Input data:
╔══
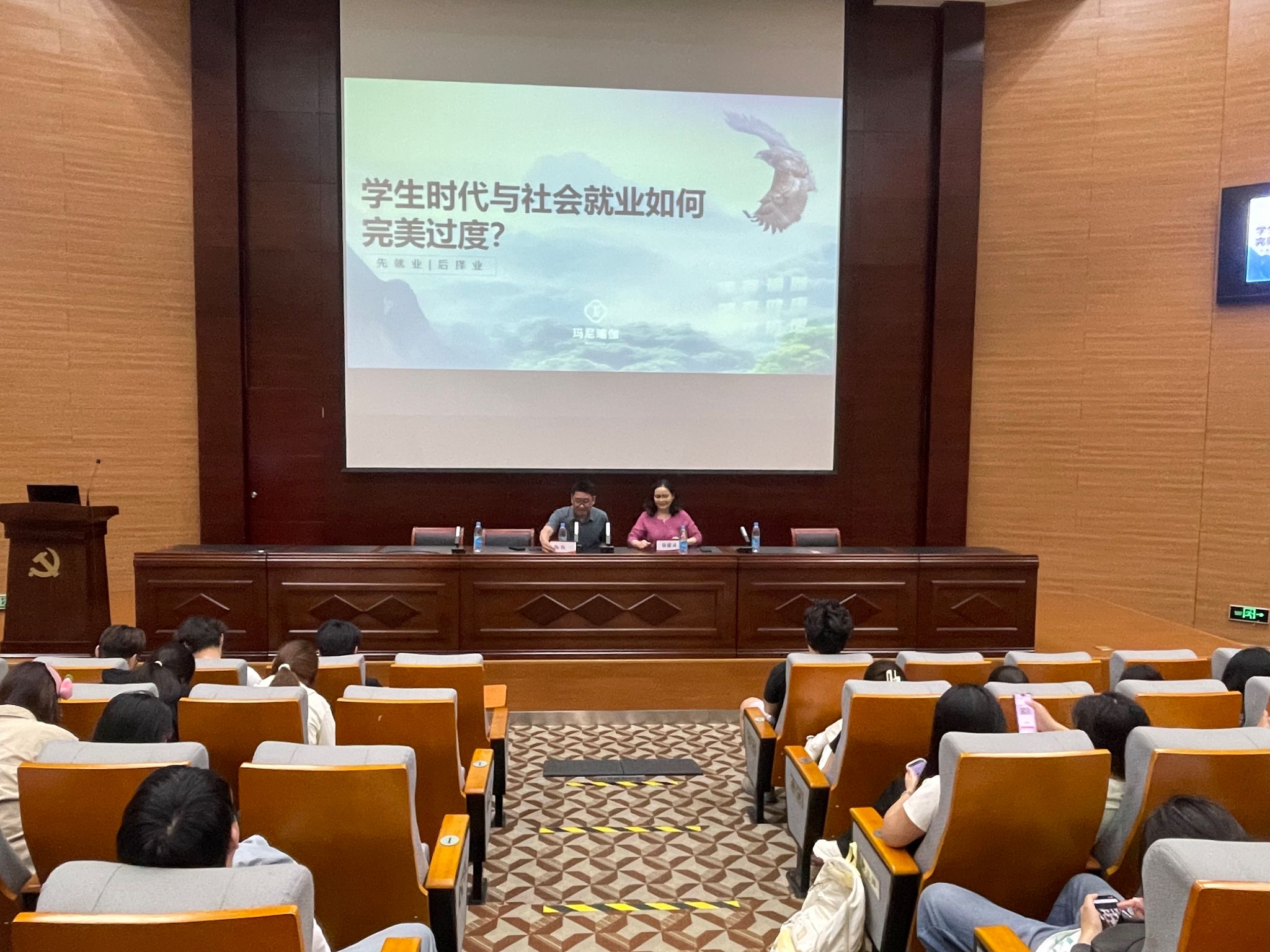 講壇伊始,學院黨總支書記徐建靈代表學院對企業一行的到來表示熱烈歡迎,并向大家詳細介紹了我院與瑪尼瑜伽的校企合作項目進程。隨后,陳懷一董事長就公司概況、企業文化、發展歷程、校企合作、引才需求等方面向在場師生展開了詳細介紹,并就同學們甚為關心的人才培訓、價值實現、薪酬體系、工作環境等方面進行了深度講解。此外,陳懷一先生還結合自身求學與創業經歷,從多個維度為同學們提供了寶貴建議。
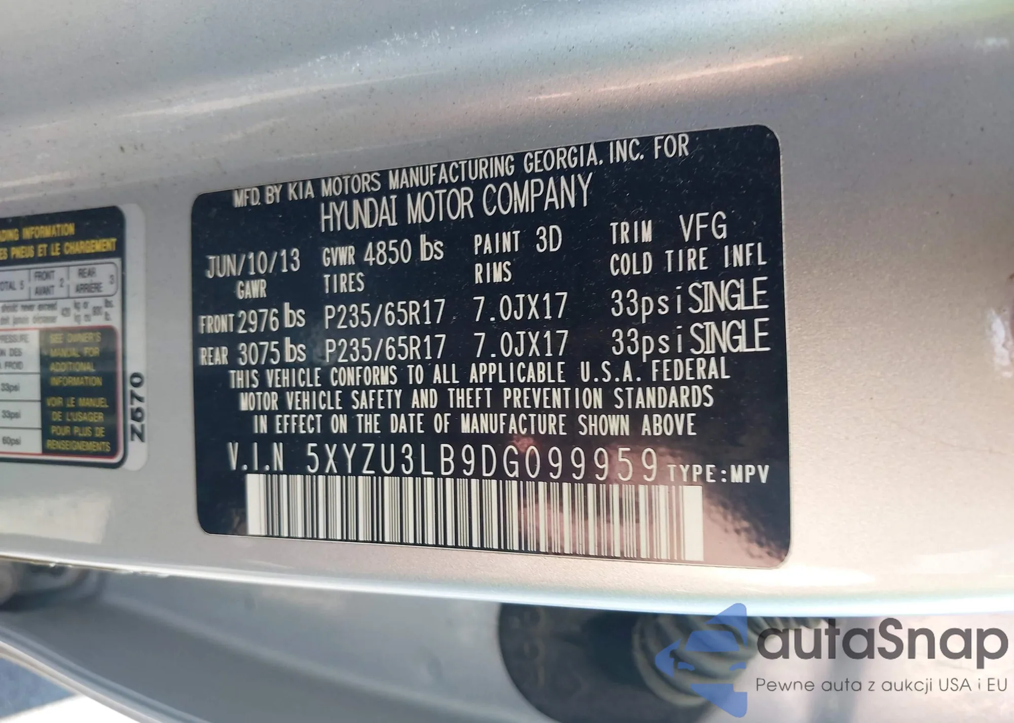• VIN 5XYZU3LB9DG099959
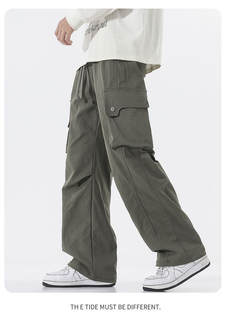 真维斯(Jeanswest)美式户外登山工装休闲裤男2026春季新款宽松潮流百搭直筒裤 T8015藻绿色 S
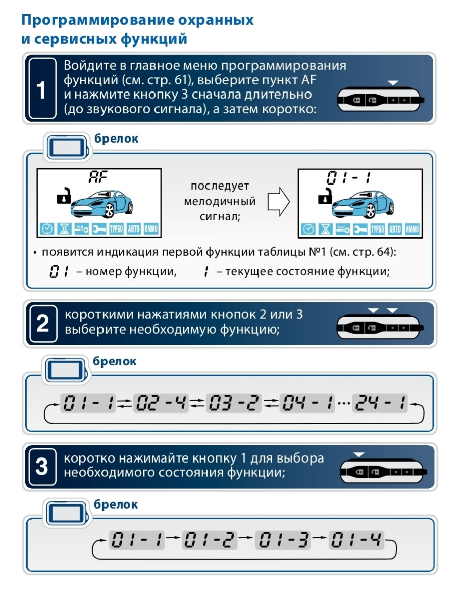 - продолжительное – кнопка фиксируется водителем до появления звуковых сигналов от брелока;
╚══
╔══
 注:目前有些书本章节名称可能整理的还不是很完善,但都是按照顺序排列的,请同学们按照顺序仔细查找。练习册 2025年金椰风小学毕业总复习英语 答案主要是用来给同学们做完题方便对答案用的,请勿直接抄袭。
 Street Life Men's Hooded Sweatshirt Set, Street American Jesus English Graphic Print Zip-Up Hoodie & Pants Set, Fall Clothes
╚══
Task requirements: Above are some entries; copy exactly the lines from the line with "講壇伊始,學院黨總支書記徐建" through the line with "- продолжительное –", both included, but none of the pictures.

Solution to this exercise:
 講壇伊始,學院黨總支書記徐建靈代表學院對企業一行的到來表示熱烈歡迎,并向大家詳細介紹了我院與瑪尼瑜伽的校企合作項目進程。隨后,陳懷一董事長就公司概況、企業文化、發展歷程、校企合作、引才需求等方面向在場師生展開了詳細介紹,并就同學們甚為關心的人才培訓、價值實現、薪酬體系、工作環境等方面進行了深度講解。此外,陳懷一先生還結合自身求學與創業經歷,從多個維度為同學們提供了寶貴建議。
• VIN 5XYZU3LB9DG099959
 真维斯(Jeanswest)美式户外登山工装休闲裤男2026春季新款宽松潮流百搭直筒裤 T8015藻绿色 S
 - продолжительное – кнопка фиксируется водителем до появления звуковых сигналов от брелока;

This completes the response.